The output file contains the values of all variables used in the
subroutine. The LFRicExtractTrans
transformation can automatically
create a driver program which will read the corresponding output file,
call the instrumented region, and compare the results. In order to create
this driver program, the options parameter create_driver
must
be set to true:
extract = LFRicExtractTrans()
extract.apply(schedule.children,
{"create_driver": True,
"region_name": ("main", "init")})
This will create a Fortran file called driver-main-init.F90
, which
can then be compiled and executed. This stand-alone program will read
the output file created during an execution of the actual program, call
the kernel with all required input parameter, and compare the output
variables with the original output variables. This can be used to create
stand-alone test cases to reproduce a bug, or for performance
optimisation of a stand-alone kernel.
Warning
Care has to be taken that the driver matches the version of the code that was used to create the output file, otherwise the driver will likely crash. The stand-alone driver relies on a strict ordering of variable values in the output file and e.g. even renaming one variable can affect this. The NetCDF version stores the variable names and will not be able to find a variable if its name has changed.
Note
If the kernel, or any function called from an extracted kernel should use a variable from a module directly (as opposed to supplying this as parameter in the kernel call), this variable will not be written to the extract data file, and the driver will also not try to read in the value. As a result, the kernel will not be able to run stand-alone. As a work-around, these values can be added manually to the driver program. Issue #1990 tracks improvement of this situation.

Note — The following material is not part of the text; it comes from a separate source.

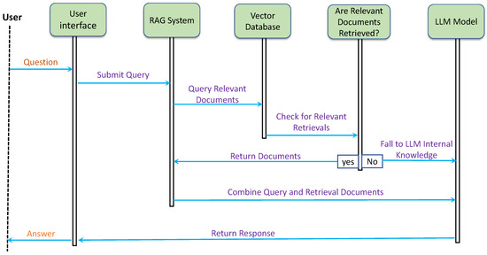 Figure 8 illustrates the interaction workflow between the user, the Retrieval-Augmented Generation (RAG) system, the vector database, and the large language model (LLM). This workflow highlights the sequence of operations that enable the system to process user queries and deliver accurate responses.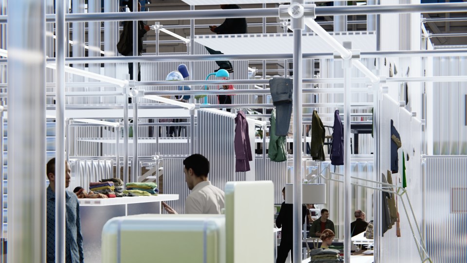 パリのセーヌ川沿いに、新たな公共空間を立ち上げる試みである。ここでは、川に浮かぶラグジュアリーホテルで過ごす人々と、住まいを持たずテントで暮らす人々が、隣り合わせに日常を営んでいた。資本主義がもたらしたこうした風景に対し、ささやかで静かな抵抗として、売買ではなく人から人へと受け渡していく仕組みを考えた。誰かが持ち寄ったものが次の人へと渡り、さらに別の手へと引き継がれていく。空間もまた、自らの手で組み立てていく。音楽やアートなどの小さな活動がそれぞれのタイミングで重なり、通りすがる人々の間にひとときの共有の場が立ち上がっていく。

The LFRic kernel driver will inline all required external modules into the
driver. It uses a ModuleManager
to find the required modules, based on the
assumption that a file my_special_mod.f90
will define exactly one module
called my_special_mod
(the _mod
is required to be part of the
filename). The driver creator will sort the modules in the appropriate order
and add the source code directly into the driver. As a result, the driver
program is truly stand-alone and does not need any external dependency (the
only exception being NetCDF if the NetCDF-based extraction library is used).
The ModuleManager
uses all kernel search paths specified on the
command line (see -d
option in The psyclone command), and it will
recursively search for all files under each path specified on the command
line.
Therefore, compilation for a created driver, e.g. the one created in
examples/lfric/eg17/full_example_extract
, is simple:
$ gfortran -g -O0 driver-main-update.F90 -o driver-main-update
$ ./driver-main-update
cell correct
field1 correct
Note that the Makefile in the example will actually provide additional include paths (infrastructure files and extraction library) for the compiler, but these flags are actually only required for compiling the example program, not for the driver.
Extraction for NEMO
The libraries in lib/extract/standalone/nemo and lib/extract/netcdf/nemo implement the full PSyData API for use with the NEMO API. When running the code, it will create an output file for each instrumented code region. The same logic for naming variables used in Extraction for GOcean is used here.
Note
Driver creation in NEMO is not yet supported, and is tracked in issue #2058.